Adding a New Method to a Package

Suppose you're using someone else's module, and here's a method that you wished that it provided, but it doesn't. For example, consider the Msql module, which provides access to an SQL-driven database. After you make a query with the query method, you get back a `statement handle' object, from which you can retrieve the results of the query, one record at a time, with fetchhash; typical code looks like this:

  my $sth = $dbh->query(...);
  error() unless defined $sth;

  my $num_records = $sth->numrows();
  for ($i=0; $i<$num_records; $i++) {
    # Get next record
    my %data = $sth->fetchhash();       

    # Do something with %data

Now, you be doing many different queries, and you get tired of repeating the same error-checking code over and over, and moreover, it would be easier if there were a method that would just get all the records into one big list of hashes, instead of one at a time.

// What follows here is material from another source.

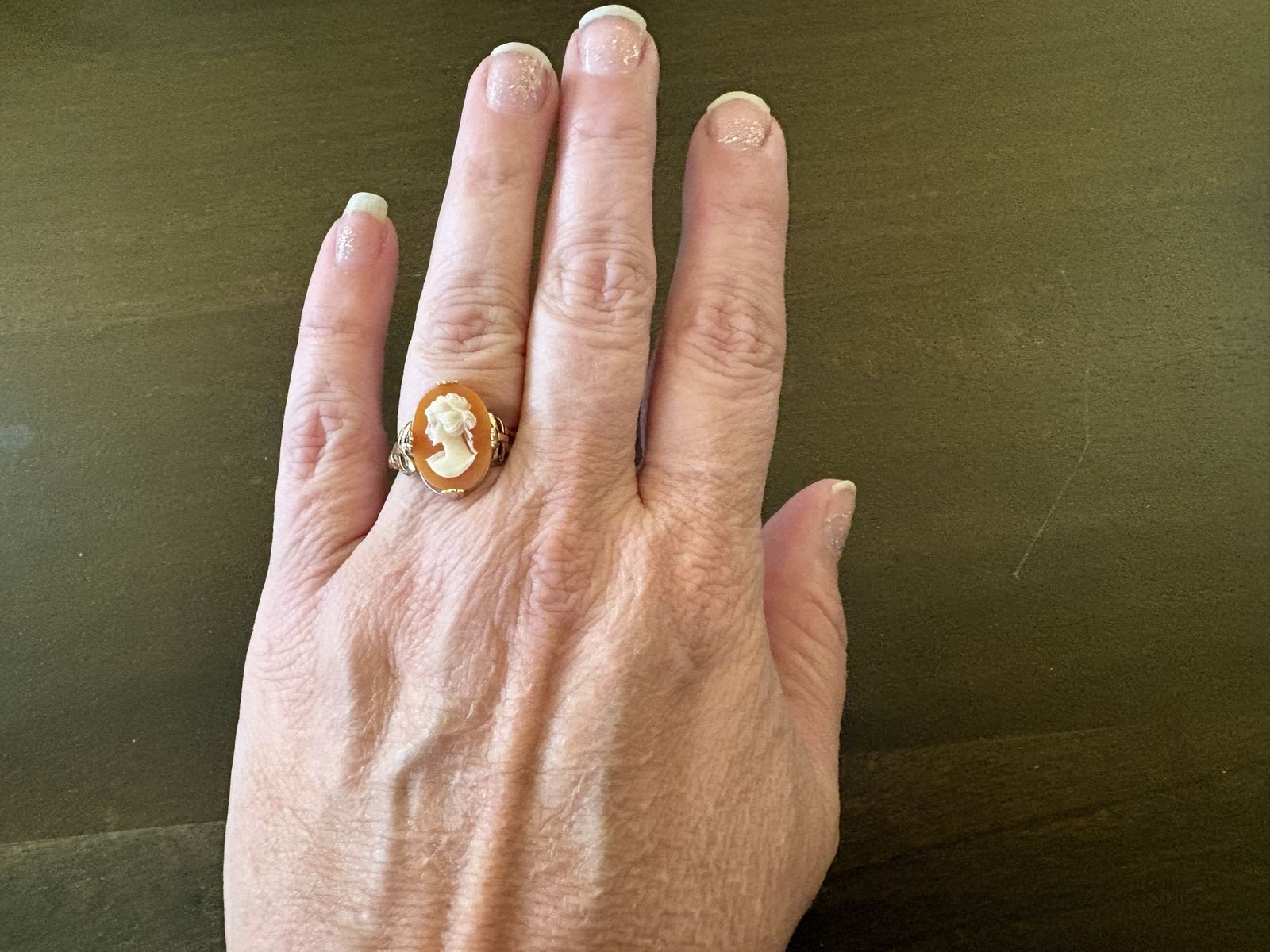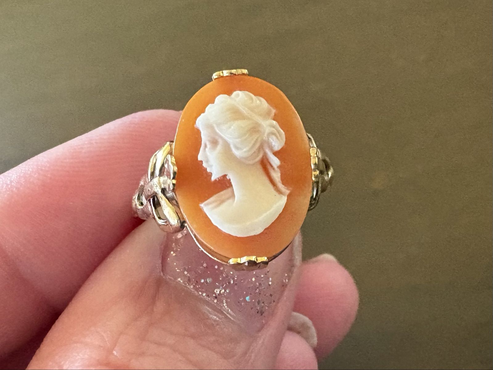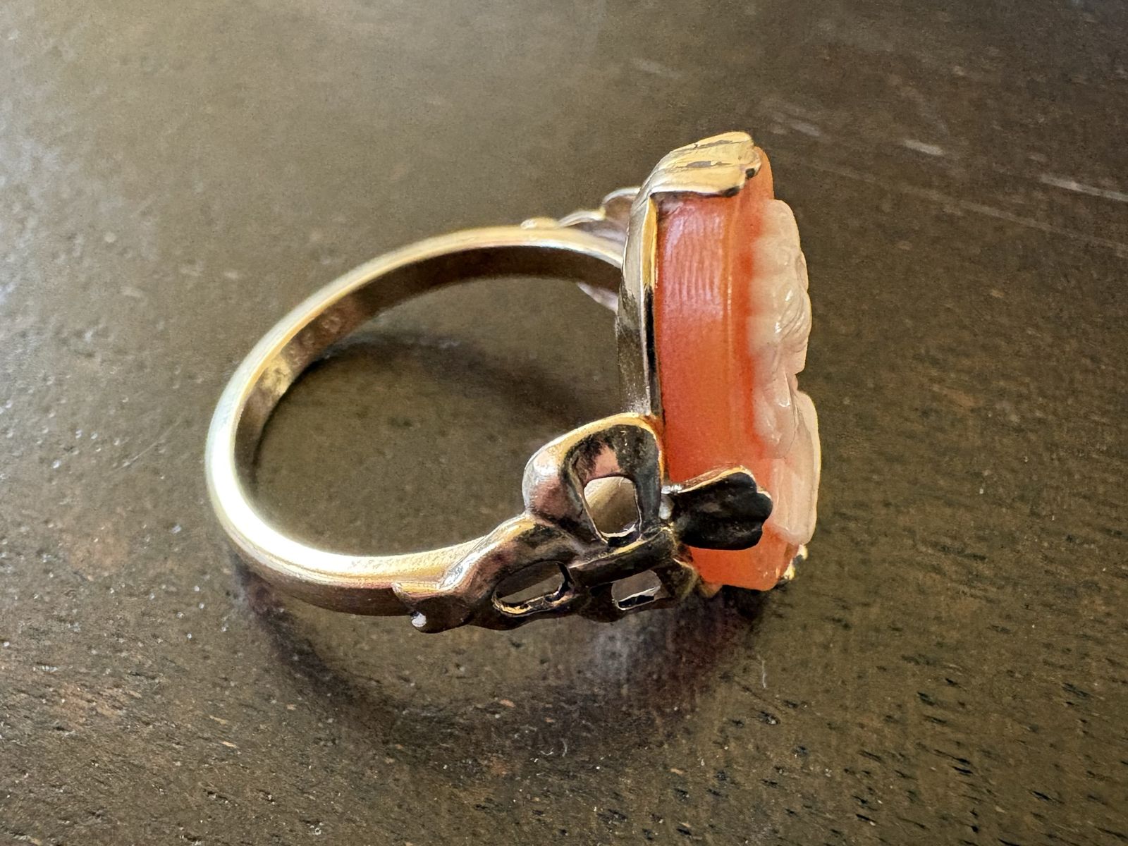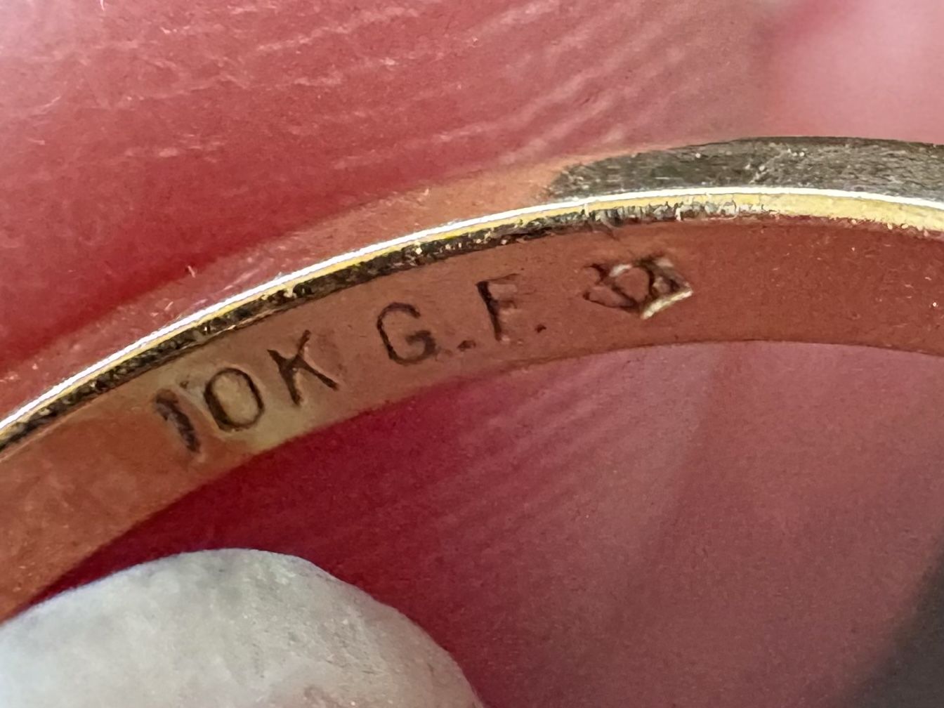 I have a beautiful vintage cameo ring. It is just under a size 6. It is marked 10K G.F. With a symbol next to it. The cameo is coral colored with a white bust. I’m not sure what it’s made of. It is 5/8 inches tall. See my other ads for jewelry, artwork, home decor and more.

Everyone knows how to add a method to a class; it's called subclassing. And yet subclassing in this case seems like rather a pain; you'd have to make up a new namespace, and put it in a file, and set up ISA, and change all your programs to use the new module instead of use Msql, and you're hardly adding much to the class anyway. But the alternative seems to be to hack on the file itself, which you certainly don't want to do.

The solution is incredibly simple and lightweight. Here it is: In the main program file, put

  sub Msql::myquery {
    my $dbh = shift;
    # Just stick the method here, dummy.

Now you can write

  @list_of_hashes = $dbh->myquery(...);

just as if myquery were like any other method in the Msql package, because it is just like any other method in the Msql package.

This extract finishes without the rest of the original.